# On our dear friend Rand Winburn



## Ken S. (Oct 9, 2006)

I enjoy reading "Francis Turrentin's 7th Disputation: whether it can be proven that the pope of Rome is the Anti-Christ" published by Ran Winburn's ministry, but there are a few things I feel strange about him.

He made a photo album of the Anti-Christ, which is quite inspiring, but with some strange ideas. What I can't quite understand is that he even associate the crop circles with the Pope, see figure 10
he also claims that the Puritanboard once had banned him, figure 12 was it true?

As a matter of fact the Puritanboard is just where I first knew of Rand Winburn's pulication "Francis Turrentin's 7th Disputation: whether it can be proven that the pope of Rome is the Anti-Christ"
I'm confused.

[Edited on 10-10-2006 by Ken S.]

[Edited on 10-10-2006 by Ken S.]


----------



## Scott Bushey (Oct 9, 2006)

> _Originally posted by Ken S._
> I enjoy reading "Francis Turrentin's 7th Disputation: whether it can be proven that the pope of Rome is the Anti-Christ" published by Ran Winburn's ministry, but there are a few things I feel strange about him.
> 
> He made a photo album of the Anti-Christ, which is quite inspiring, but with some strange ideas. What I can't quite understand is that he even associate the crop circles with the Pope, see figure 10
> ...



Indeed, we did ban Rand Wind-Burn! We're # 12 on his list. Darn, I thought he might have guaged us a tad bit higher!


----------



## VirginiaHuguenot (Oct 9, 2006)

There are some individuals and groups that have to their credit done the church a service by republishing older sound Puritan and Reformed literature. In this case, that includes Turretin and Whitaker. I am appreciative of those republications but not interested in much else that Rand Winburn has to say, sadly.


----------



## Ken S. (Oct 10, 2006)

> _Originally posted by VirginiaHuguenot_
> There are some individuals and groups that have to their credit done the church a service by republishing older sound Puritan and Reformed literature. In this case, that includes Turretin and Whitaker. I am appreciative of those republications but not interested in much else that Rand Winburn has to say, sadly.
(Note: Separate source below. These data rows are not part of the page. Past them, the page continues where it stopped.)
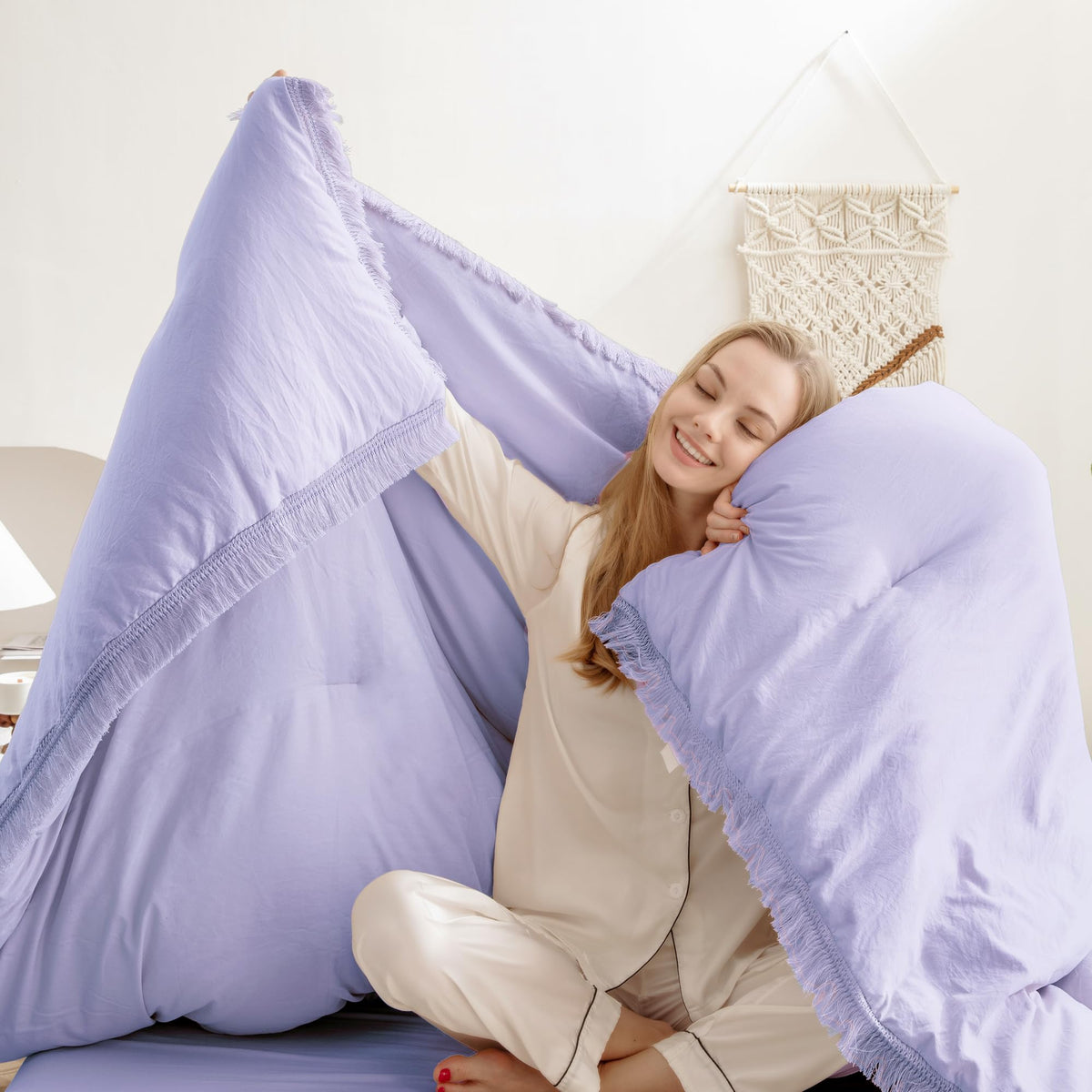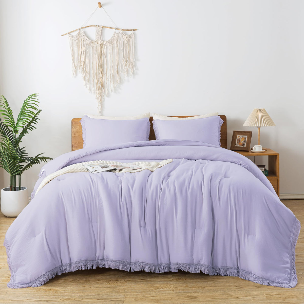 Andency Comforter King Size Bed Set Lavender, Purple 3 Pieces Boho Lightweight Winter Bedding Comforters & Sets, All Season Soft Tassel Bed Set (104X90In Comforter & 2 Pillowcases)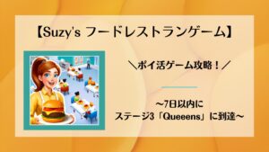 - 【Suzy’s フードレストランゲーム】ポイ活ゲーム攻略!~7日以内にステージ3「Queeens」に到達~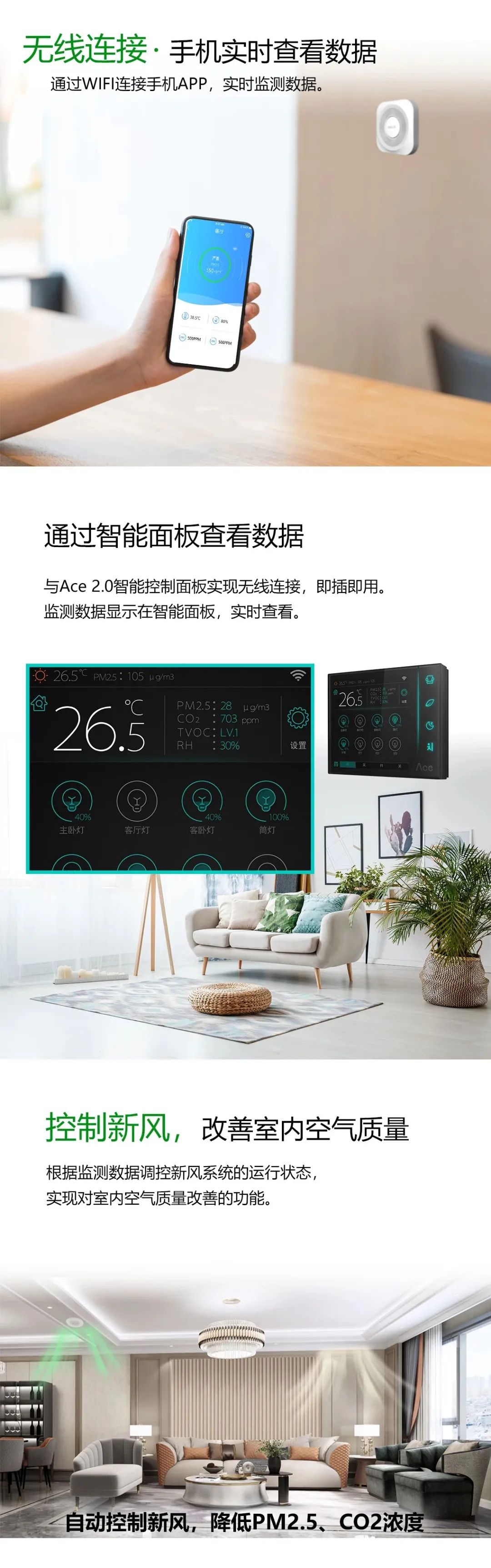 同時也越來越多地應用在樓宇自控系統(tǒng)和智能家居系統(tǒng)中,甚至很多樓宇加設獨立的空氣質量檢測系統(tǒng)。如:西安國際醫(yī)學中心、亞投行總部大樓、太原市政府辦公樓、廈門萬安智能辦公大樓等項目。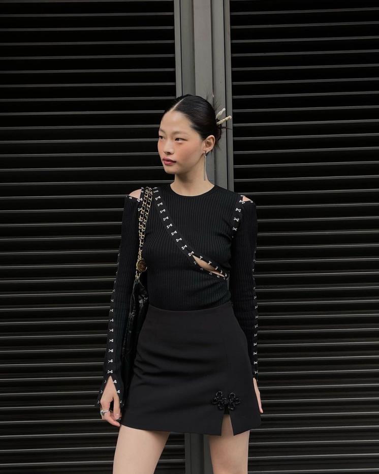 김아현은 올블랙의 어깨, 언더붑 위치에 컷아웃&훅앤아이 디테일이 있는 니트 톱을 착용했다. 여기에 앞쪽에 트임이 있는 미니스커트를 더해 머리부터 발끝까지 컷아웃룩 완성! 특히 요즘 트렌드로 떠오른 언더붑 스타일까지 두 마리 토끼를 한 번에 잡았다.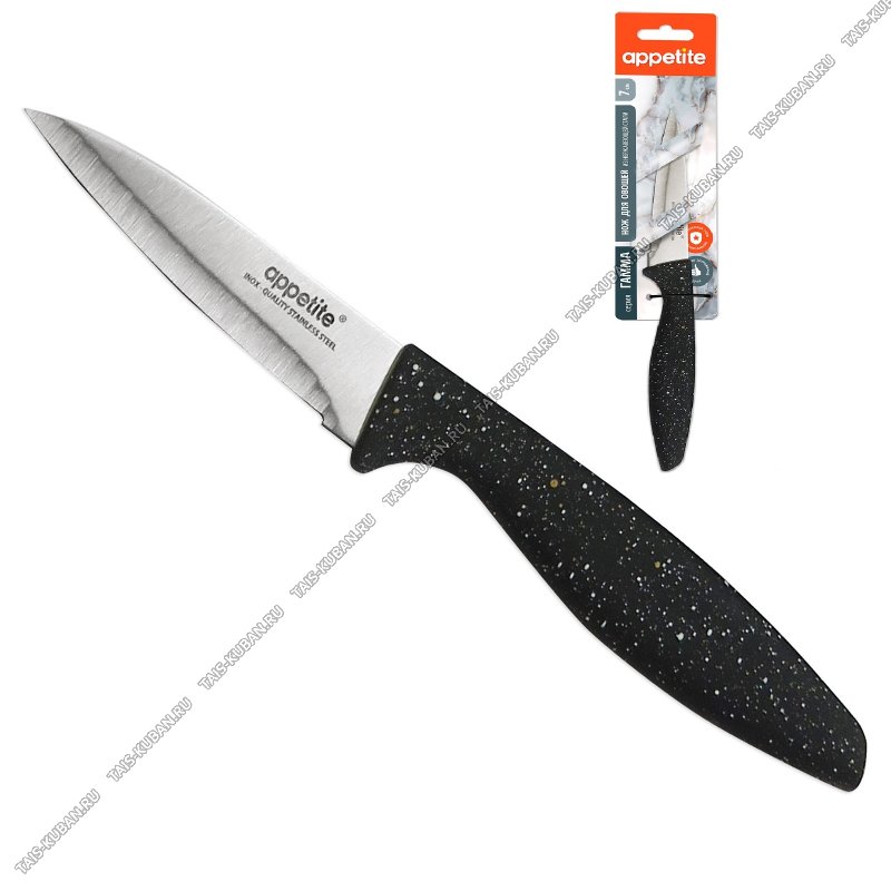 лезвие нержавеющая сталь 2Cr13,толщина 2,0мм,прорезиненная ручка черный "гранит",блистер,Appetite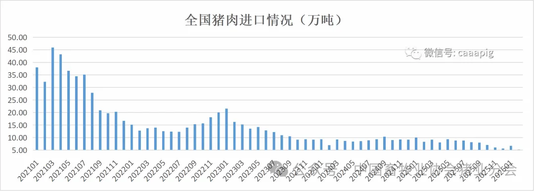 5、2026年1-2月累计进口猪肉11.96万吨,同比下降34.9%。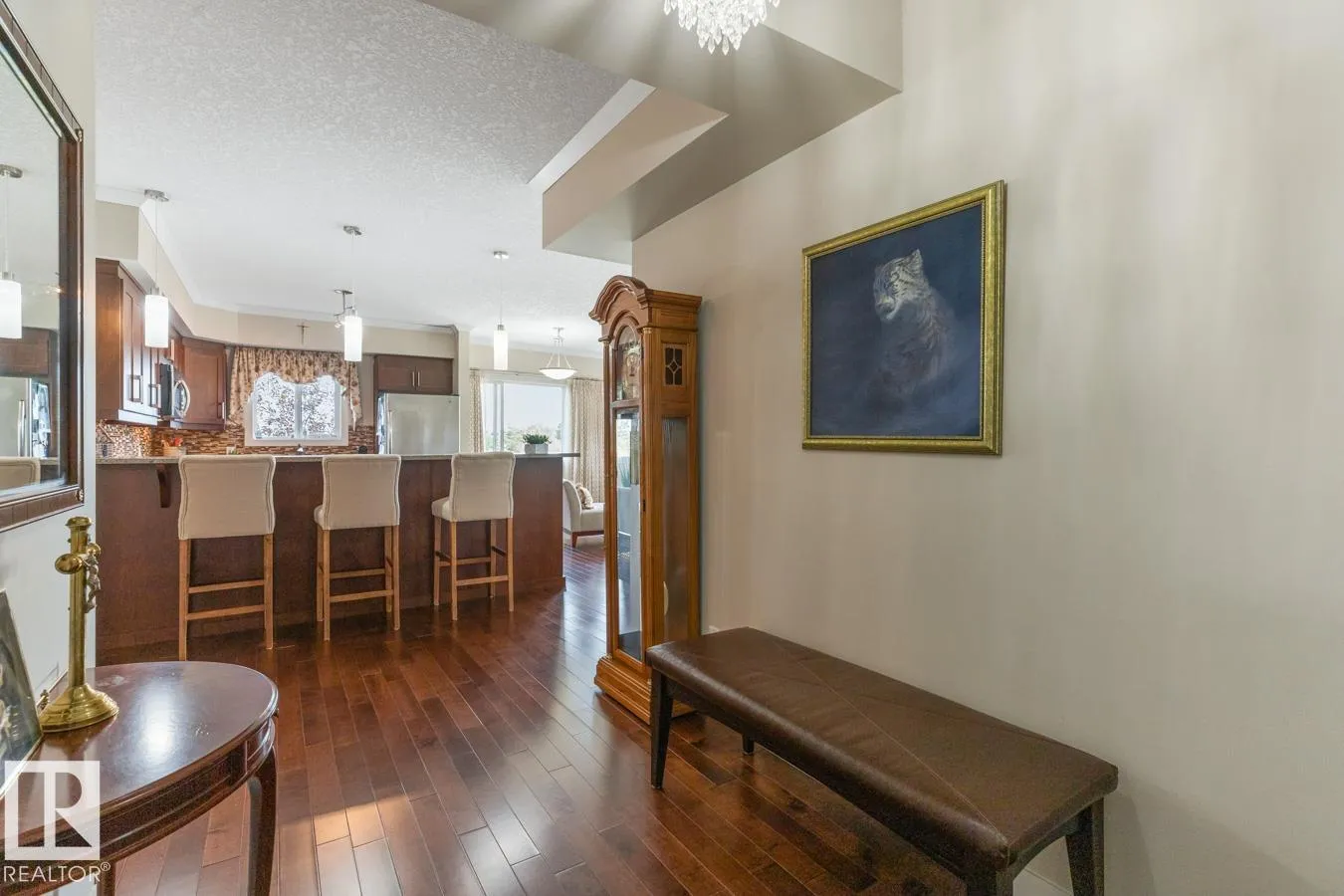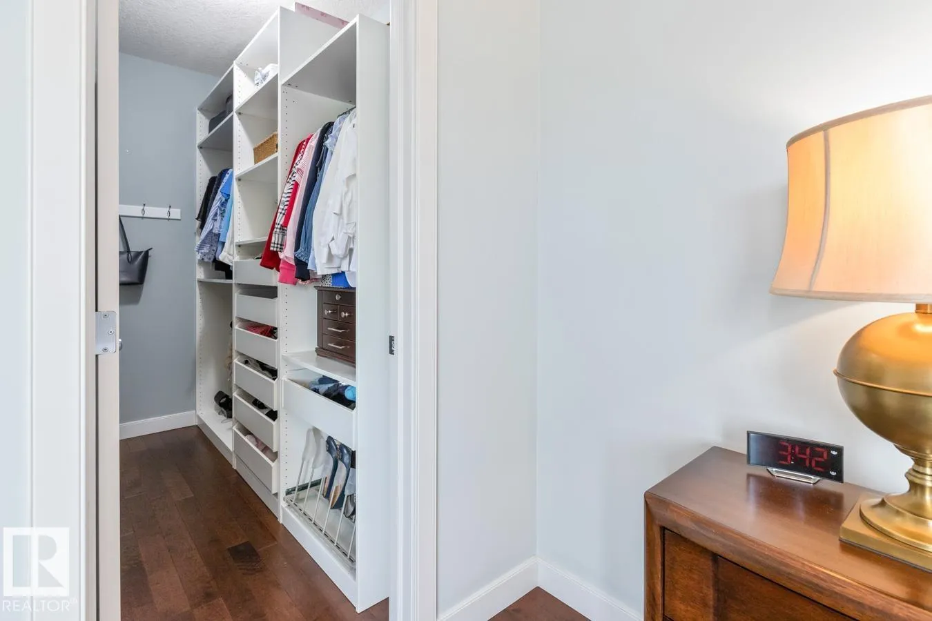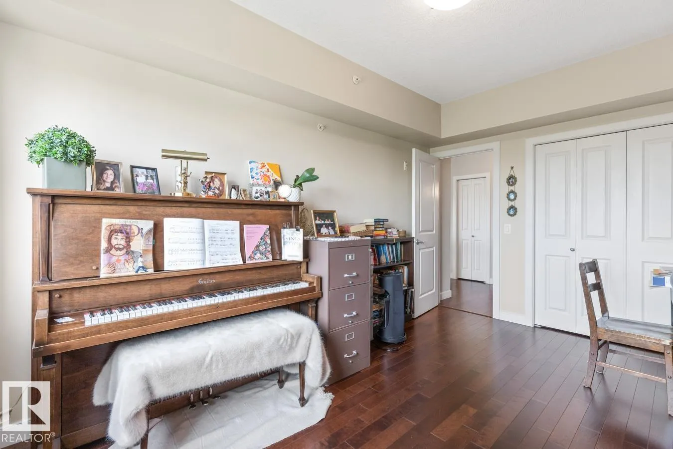 Pristine top floor unit with the BEST VIEWS in this desirable 45+ complex, featuring AC, titled underground parking (2 tandem stalls) with storage cage, 2 bedrooms, 2 baths & elegant hardwood & tile flooring throughout. A spacious entry welcomes you into a bright, open layout filled with natural light & tree top views from the abundance of windows. The kitchen offers ample cabinetry, pantry, granite counters, glass tile backsplash, S/S appliances & raised breakfast bar. Spacious living & dining room with garden door to the SOUTH facing 107.16 sqft patio, perfect for enjoying quiet, park views. The large primary suite includes a WI closet & 3pc ensuite. Second bedroom, a 4pc bath & laundry/storage room complete this functional design. The quiet building features video security, plenty of additional parking & a beautiful lobby ideal for coffee visits, card nights & other gatherings. Condo fees include heat and water. Fantastic central location close to parks, shopping & restaurants. (id:27476)

"There are some individuals and groups that have to their credit done the church a service" ? Can you rewrite? I don't understand the words with such sentence structure.


----------



## Ken S. (Oct 10, 2006)

> _Originally posted by Scott Bushey_
> 
> 
> > _Originally posted by Ken S._
> ...



May I ask why he was banned?


----------



## VirginiaHuguenot (Oct 10, 2006)

> _Originally posted by Ken S._
> 
> 
> > _Originally posted by VirginiaHuguenot_
> ...



There are some individuals and groups that have done the church a service (to their credit) by republishing...


----------



## Ken S. (Oct 10, 2006)

thanks Andrew!


----------



## Puritan Sailor (Oct 10, 2006)

> _Originally posted by Ken S._
> 
> 
> > _Originally posted by Scott Bushey_
> ...



I was a Mod at the time so I think I can answer. 
There were two main reasons he was banned:
1) He refused to list where he went to church. 
2) He argued strongly that only those who believe the Pope is the Antichrist are true Christians. 

You may do a search on the Board to find the thread. It was about 2 or 3 years ago now.


----------



## Ken S. (Oct 11, 2006)

> _Originally posted by Puritan Sailor_
> 
> 
> > _Originally posted by Ken S._
> ...



Ok, thanks for replying to me.
I wish I could talk and discuss with him.
I think he has the zeal, but just that he need more help and advice from others.
What Puritanboard did wasn't wrong.


----------